Jura-Québec: une amitié transatlantique

Des liens fraternels unissent le canton du Jura et la province du Québec. Un soutien mutuel qui a débuté au plus chaud du combat pour l’indépendance dans les années 1960-70 et qui se poursuit aujourd’hui par des collaborations en milieu académique et culturel.

Bernard Landry, premier ministre québécois de 2001 à 2003
Bernard Landry, premier ministre québécois de 2001 à 2003: «C’était un devoir pour un politicien québécois de se rendre régulièrement à Delémont.»

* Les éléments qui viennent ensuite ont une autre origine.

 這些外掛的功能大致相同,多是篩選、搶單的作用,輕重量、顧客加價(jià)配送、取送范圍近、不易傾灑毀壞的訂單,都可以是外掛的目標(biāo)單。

La population de l’un est plus de 115 fois supérieure à celle de l’autre. Son territoire, lui, recouvre une surface près de 2000 fois plus vaste. Mais les peuples de ces deux régions partagent la même langue et ont toujours ressenti un même besoin d’autonomie. Pas étonnant dès lors que la province du Québec et le canton du Jura se soient rapprochés au fil de leur histoire et se serrent les coudes aujourd’hui encore.

C’est au cours des années 1960 et 70 que les liens entre les deux régions ont été les plus forts, lorsque toutes deux étaient en quête d’indépendance, d’un côté face à l’Etat fédéral du Canada et de l’autre au canton de Berne. Bernard Landry, premier ministre québécois de 2001 à 2003:

C’était un devoir pour un politicien québécois de se rendre régulièrement à Delémont. Car il était très important de nourrir des amitiés à l’international avec des peuples qui partageaient le même type de combat

L’homme politique était ainsi très proche de Roland Béguelin, membre fondateur du Mouvement séparatiste jurassien. Une amitié qui perdura jusqu’aux derniers jours du leader du combat pour le Jura. «En congrès à Delémont, on est venu me chercher sur demande de Roland Béguelin, raconte Bernard Landry. Sur son lit de mort, j’ai pu lui rappeler une dernière fois toute l’admiration que le Québec porte à son canton. Nos deux régions avaient un même rêve en commun.»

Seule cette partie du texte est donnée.